_REQUIRED ACTION_:
In the material below, begin at the line that has "Plus Lace-up Harness One Piece Swimsuit", stop after the line that has "This elegant pure", and transcribe those lines exactly, without pictures.

=== RECORDS TO PROCESS ===

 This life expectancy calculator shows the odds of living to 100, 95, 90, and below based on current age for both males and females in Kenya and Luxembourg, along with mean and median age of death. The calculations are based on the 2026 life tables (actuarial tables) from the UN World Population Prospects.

===
=== RECORDS TO PROCESS ===

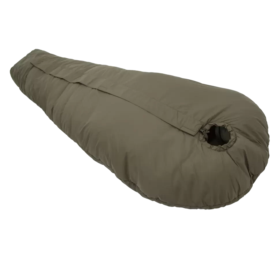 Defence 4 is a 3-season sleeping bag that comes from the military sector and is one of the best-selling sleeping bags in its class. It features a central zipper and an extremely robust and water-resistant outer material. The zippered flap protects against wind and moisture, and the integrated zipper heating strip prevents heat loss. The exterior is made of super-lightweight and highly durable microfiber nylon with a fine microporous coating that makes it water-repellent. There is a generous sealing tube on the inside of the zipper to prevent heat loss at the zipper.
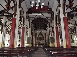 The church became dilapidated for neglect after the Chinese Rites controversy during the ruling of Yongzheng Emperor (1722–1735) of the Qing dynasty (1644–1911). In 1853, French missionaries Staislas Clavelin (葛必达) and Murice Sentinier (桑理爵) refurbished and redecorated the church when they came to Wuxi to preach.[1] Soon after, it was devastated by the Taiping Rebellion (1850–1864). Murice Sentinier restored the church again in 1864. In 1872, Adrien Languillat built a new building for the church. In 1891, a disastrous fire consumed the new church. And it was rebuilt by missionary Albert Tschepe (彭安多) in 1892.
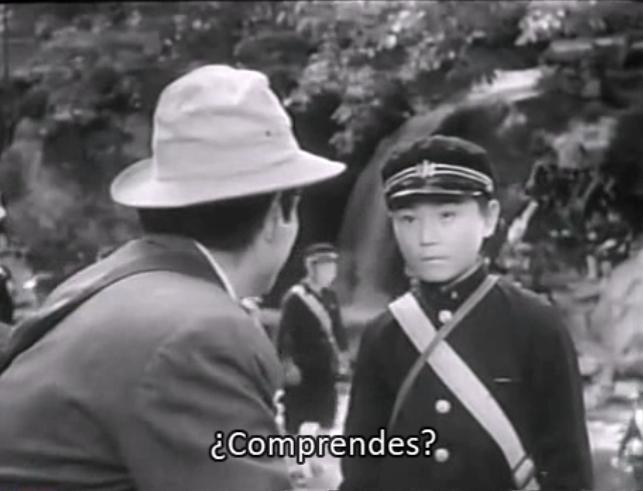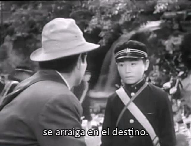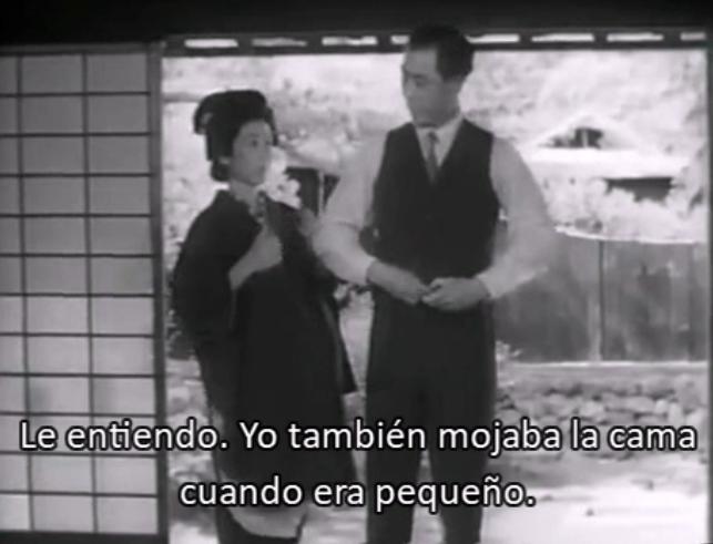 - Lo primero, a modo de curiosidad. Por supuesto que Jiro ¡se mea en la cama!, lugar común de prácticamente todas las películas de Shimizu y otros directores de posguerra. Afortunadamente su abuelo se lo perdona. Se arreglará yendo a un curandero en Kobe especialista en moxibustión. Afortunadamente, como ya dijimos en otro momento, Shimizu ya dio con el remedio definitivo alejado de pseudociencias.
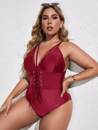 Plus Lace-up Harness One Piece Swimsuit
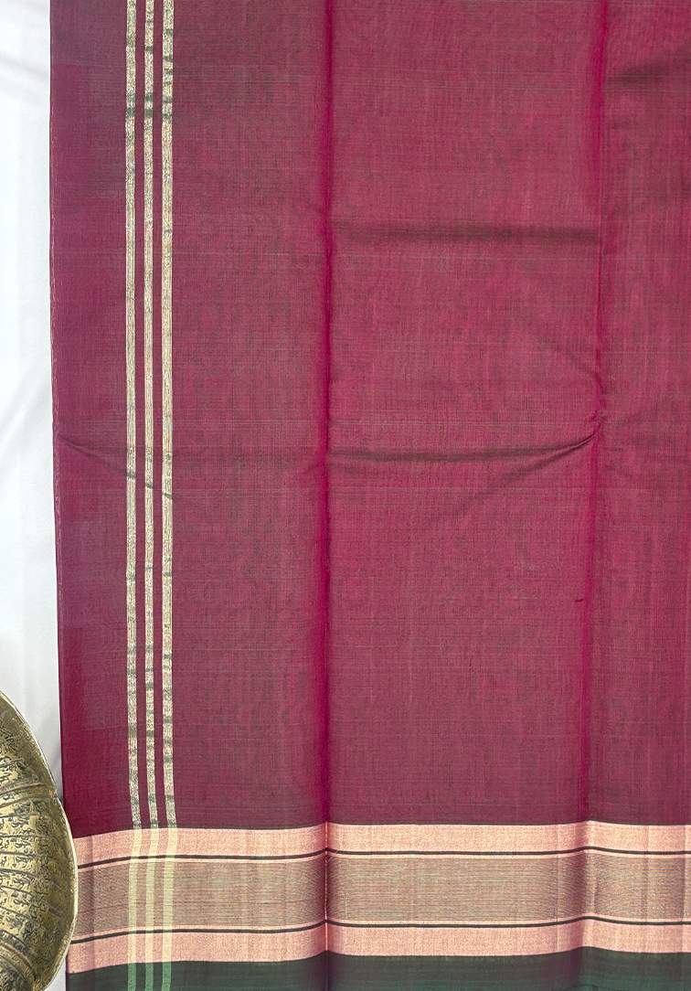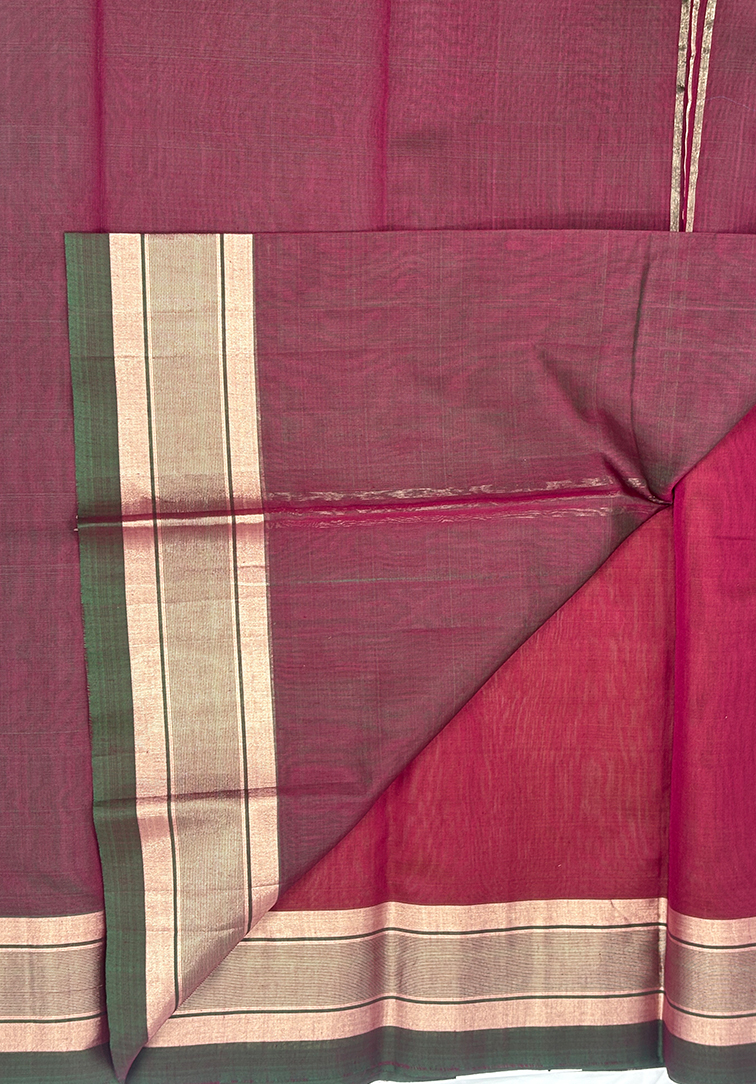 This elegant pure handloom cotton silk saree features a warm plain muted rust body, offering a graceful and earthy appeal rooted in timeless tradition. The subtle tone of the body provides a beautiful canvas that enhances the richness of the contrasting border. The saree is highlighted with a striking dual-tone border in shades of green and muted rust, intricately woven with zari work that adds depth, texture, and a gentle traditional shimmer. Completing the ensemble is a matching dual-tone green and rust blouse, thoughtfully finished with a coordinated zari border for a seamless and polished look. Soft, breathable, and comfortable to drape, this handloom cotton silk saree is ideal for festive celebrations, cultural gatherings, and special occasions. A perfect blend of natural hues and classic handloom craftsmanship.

===

_FINAL ANSWER_:
 Plus Lace-up Harness One Piece Swimsuit
 This elegant pure handloom cotton silk saree features a warm plain muted rust body, offering a graceful and earthy appeal rooted in timeless tradition. The subtle tone of the body provides a beautiful canvas that enhances the richness of the contrasting border. The saree is highlighted with a striking dual-tone border in shades of green and muted rust, intricately woven with zari work that adds depth, texture, and a gentle traditional shimmer. Completing the ensemble is a matching dual-tone green and rust blouse, thoughtfully finished with a coordinated zari border for a seamless and polished look. Soft, breathable, and comfortable to drape, this handloom cotton silk saree is ideal for festive celebrations, cultural gatherings, and special occasions. A perfect blend of natural hues and classic handloom craftsmanship.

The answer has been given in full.